When in clinical phases, how often do you start building the forecasting and distribution methods to be used in the commercial stages?

                                 Clinical trial supply forecasting

Is this the best route?

But, the choice to avoid looking further ahead to the commercial phases could in fact be a lost opportunity.

The clinical phases could be better utilized to prevent a pharma firm from duplicating efforts later down the line.

Bernard Jaucot, Director Strategic Solutions, Global Clinical Supplies (GCS) – PPD notes that clinical stages, especially in Phase 3, can be used as an arena to pilot and trial routes for real world use and, as a result, inform commercial supply strategies. Learnings could uncover new work-arounds to ensure the scaled-up commercial supply chain is smarter and more streamlined.

Silos and rescue teams

Siloed set ups are the likely obstacles blocking the majority of clinical practitioners from seeing the value of contributing to commercial supply chain optimization.
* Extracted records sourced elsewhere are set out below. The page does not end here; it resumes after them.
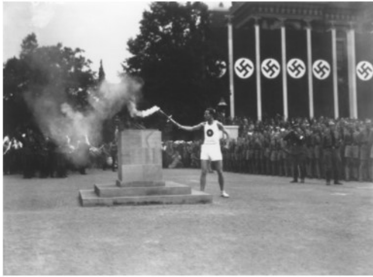
Slika 3. Paljenje Olimpijske vatre označava početak OI 1936.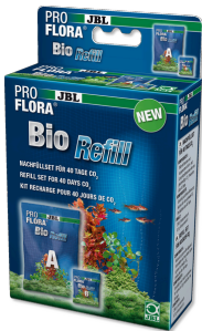
JBL PROFLORA BioRefill Recharge pour systèmes de fertilisation bio au CO2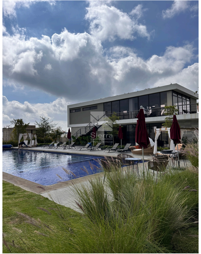
ALBERCA - CASA CLUB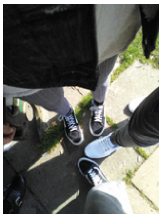
Certamen Vocacional – 3.º premio Fotografía – Unidos somos más fuertes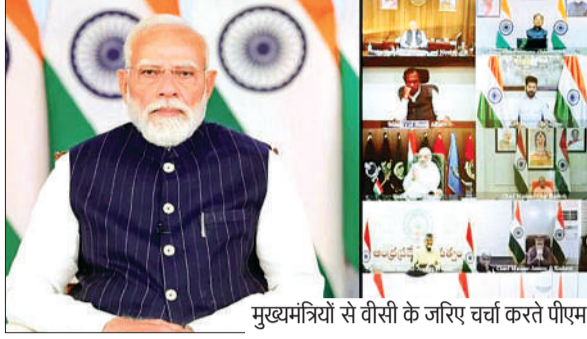
मुख्यमंत्रियों से वीसी के जरिए चर्चा करते पीएम

बंगलुरु के वैज्ञानिकों ने सूर्य की गति का गहन अध्ययन कर ये खास उपकरण तैयार किए हैं। ट्रस्ट के अनुसार इन उपकरणों की डिजाइन ऐसी है कि अगले 19 साल तक सूर्य की गति में होने वाले बदलावों के बावजूद किसी छेड़छाड़ की जरूरत नहीं होगी।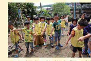
▲8. 探究 - 為什麼我們的野菜不見了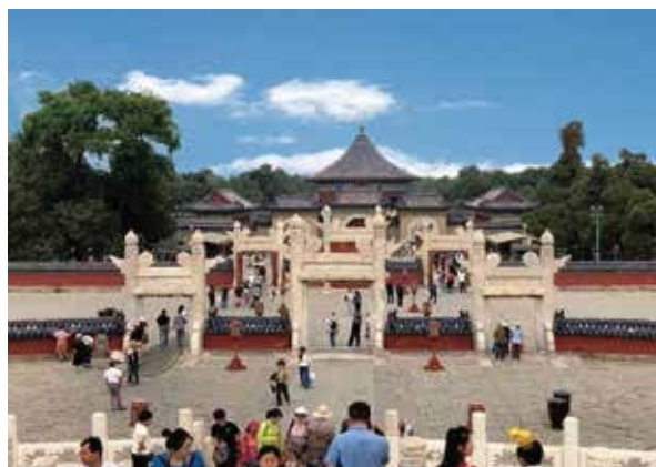
天壇佔地約273萬平方米，是故宮面積的四倍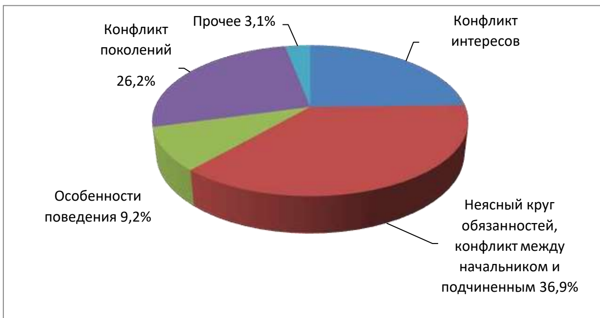
Рис. 3. Причины конфликтов на предприятии

Таким образом, по данным опроса 36,9% конфликтов возникают по причине неясного круга обязанностей или конфликта между начальником и подчиненным. Каждый работник должен понимать, за решение каких задач он отвечает, а что находится вне его компетенции. Если руководитель не может распределить обязанности между сотрудниками, определить зону ответственности, формулирует задачу расплывчато – это дает повод для конфликтов. Кроме того, скрывая важную информацию от сотрудников, руководство может спровоцировать возникновение слухов. В кризисных условиях, когда обстановка в коллективе напряжена, неосторожное слово может повлечь за собой череду сплетен и домыслов, провоцируя конфликты.

In response to this disconnect, many pharma firms implement a unit that bridges the R&D and commercial perspectives - typically referred to as the tech transfer group.

Senior clinical practitioners will have the visibility to contribute to commercial distribution methods while trials are active. If the value of this visibility was filtered down to other members of clinical teams, additional hidden learnings could be captured.

This could be in the form of distribution efficiencies or cost savings with packaging and labelling.